The 12th federal electoral district of Michoacán (Distrito electoral federal 12 de Michoacán) is a defunct federal electoral district of the Mexican state of Michoacán.

During its existence, the 12th district returned one deputy to the lower house of Congress for each legislative session by means of the first-past-the-post system.

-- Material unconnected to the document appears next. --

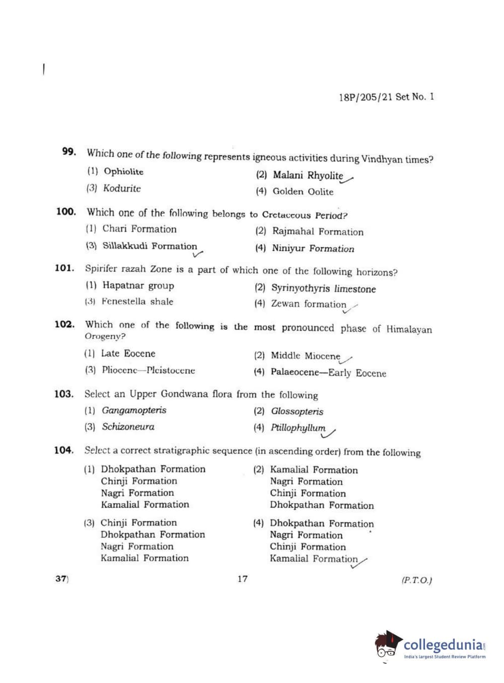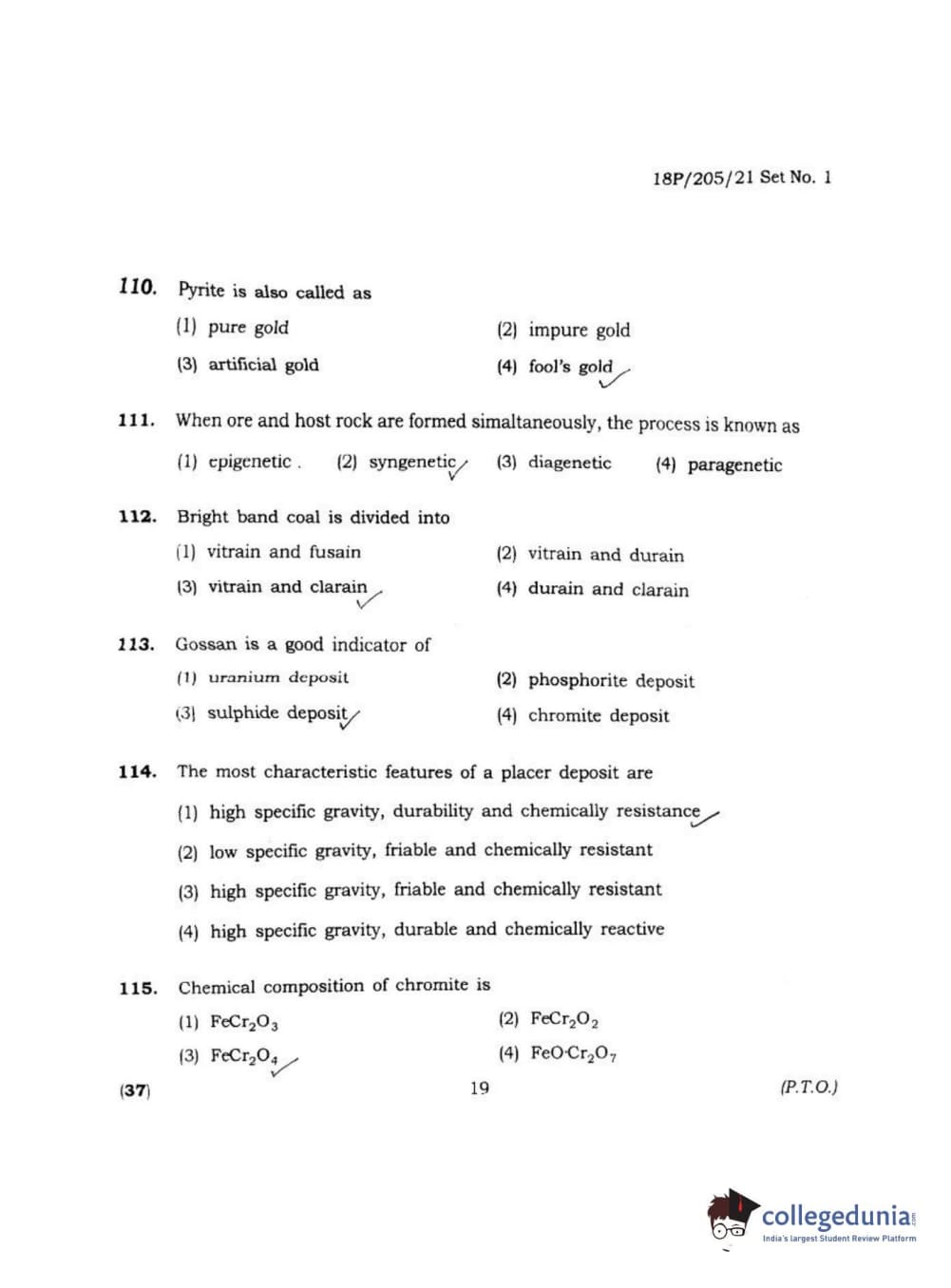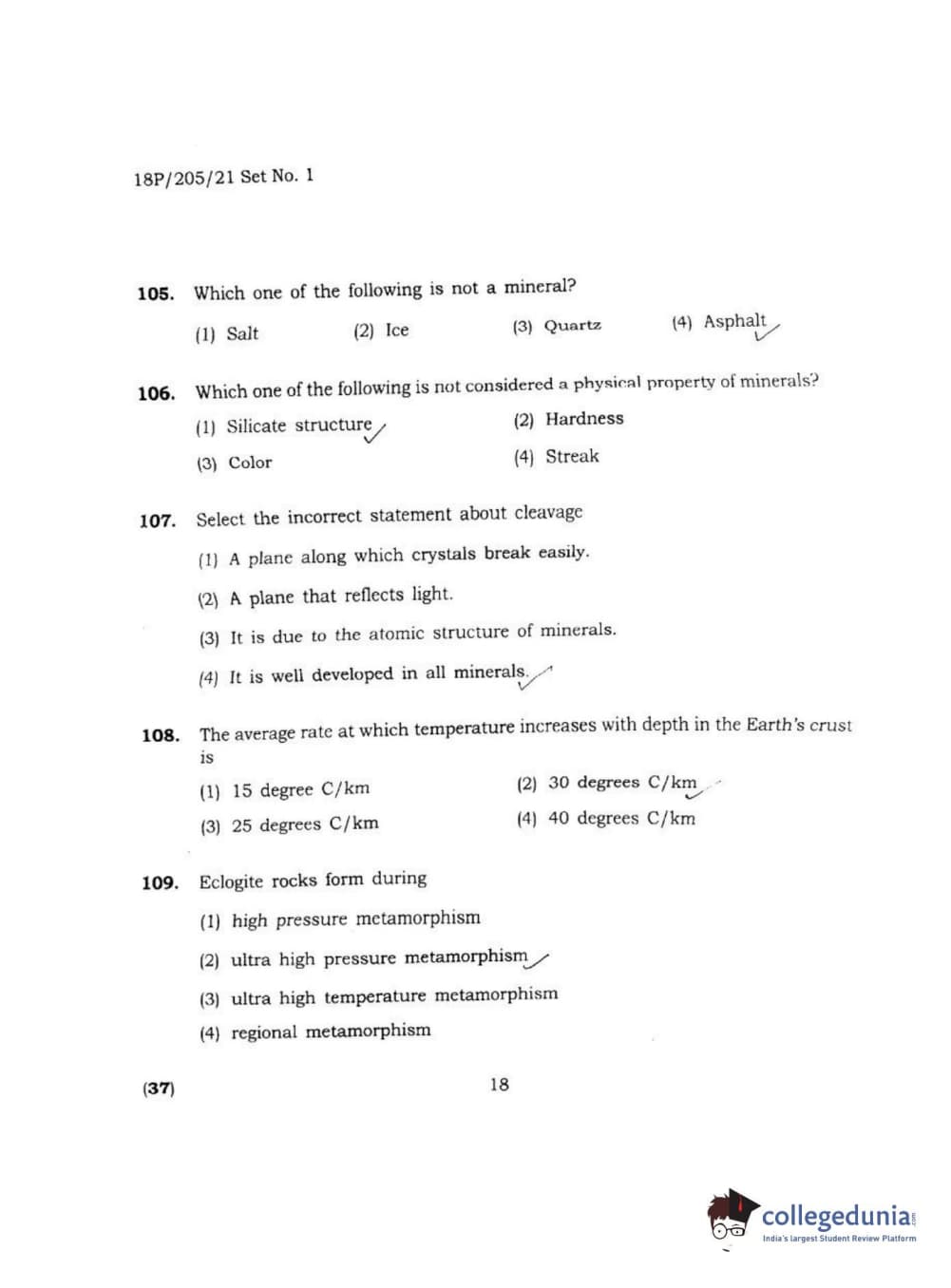 BHU PET 2018 M.SC. IN GEOLOGY Question Paper with Answer Key PDF

From 1979 onwards, votes cast in the district also counted towards the calculation of proportional representation ("plurinominal") deputies elected from the country's electoral regions.

Suspended in 1930, (Note: An amendment to Article 52 of the Constitution in 1928 changed the original provision of "one deputy per 60,000 inhabitants" to "one deputy per 100,000"; as a result, the size of the Chamber of Deputies fell from 281 in the 1928 election to 171 in 1934.)
it was re-established as part of the 1977 political reforms.
The restored 12th district was first contested in the 1979 mid-term election and it elected its final deputy in the 2021 mid-terms. It was dissolved by the National Electoral Institute (INE) in its 2023 redistricting process because the state's population no longer warranted 12 districts.

==District territory==

Evolution of electoral district numbers
|  | 1974 | 1978 | 1996 | 2005 | 2017 | 2023 |
| Michoacán | 9 | 13 | 13 | 12 | 12 | 11 |
| Chamber of Deputies | 196 | 300 |  |  |  |  |
Sources:

2017–2022
In its final form, the 12th district covered 11 municipalities in the south-west of the state:
- Aguililla, Apatzingán, Aquila, Buenavista, Coahuayana, Coalcomán, Chinicuila, Nuevo Parangaricutiro, Peribán, Tancítaro and Tepalcatepec.
The district's head town (cabecera distrital), where results from individual polling stations were gathered together and tallied, was the city of Apatzingán de la Constitución.

2005–2017
Under the 2005 districting plan, Michoacán lost its 13th district. Between 2005 and 2017, the 12th district had the same configuration as under the 2017 scheme.

1996–2005
Under the 1996 districting scheme, the district's head town was at Apatzingán but its configuration was different:
- Aguililla, Apatzingán, Buenavista and Tancítaro, as in the later plans, plus Gabriel Zamora, La Huacana, Múgica, Nuevo Urecho and Parácuaro.

1978–1996
The districting scheme in force from 1978 to 1996 was the result of the 1977 electoral reforms, which increased the number of single-member seats in the Chamber of Deputies from 196 to 300. Under the reforms, Michoacán's allocation rose from 9 to 13. The 12th district's head town was at Los Reyes and it comprised 11 municipalities:
- Charapan, Chilchota, Paracho, Peribán, Purépero, Los Reyes, Tancítaro, Tangancícuaro, Tinguindín, Tlazazalca and Tocumbo.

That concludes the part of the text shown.